Tuesday, December 30, 2008

I have a new favourite holiday

Currently listening to: Some spanish song I can't attempt to spell
Currently reading: Rough draft of Midnight Sun (I have an addiction, sir)
Current state of being: Leanin' WAY back on my chair, boots-with-the-fur propped up on my desk, warm & snug
Current state of mind: Happy.

I think I define my present by my past. Which is obvious, I guess. However, rather than trying to imply that my perception of all things is a summation of events prior- what I *mean* to point out is my inability to not look for some sort of... progress. On a daily basis, this can be somewhat frustrating.

Aren't things, when left alone, supposed to go from order to disorder? Well it appears the opposite is true in my life. I move along splendidly towards this vague *thing* until I decide to stick my hands in and 'help'. A little tweak here, some reflection there- and everything falls spectacularly apart. Well... that might be a bit dramatic.

It's the reflection that seems to negate the... progress sometimes.
The... progress can't be felt without reflection.
But if it's the reflection that negates it..?

You can see how this would be problematic. It's hilarious how new me can't help emphasizing with old me.

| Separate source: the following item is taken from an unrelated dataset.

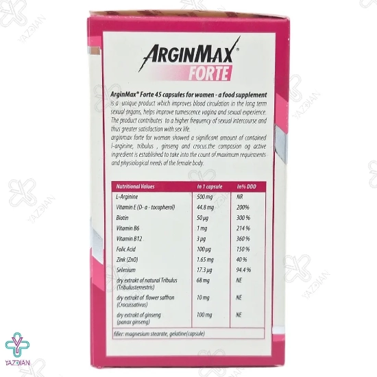 کپسول آرژین مکس فورت بانوان سیمپلی یو (Simple You Arginmax Forte For Women 45 Caps) با هدف تقویت قوای جنسی زنان و تحریک بانوان تهیه شده است و می تواند کیفیت رابطه جنسی را بهبود ببخشد.

Anywho. Someone pointed out that I've been an journaler for about a year now and wanted to know which was my favorite journal to date. Hmph. Isn't it erm... convenient for someone with my particular problem to have an almost daily, detailed report of my moody little state of mind back then?

Given the above information, can you believe my surprise when, even given an invitation- I had absolutely no desire to satisfy the gentleman’s request for information? Huh... I’m sure that means something.

I’m sure that means something... good.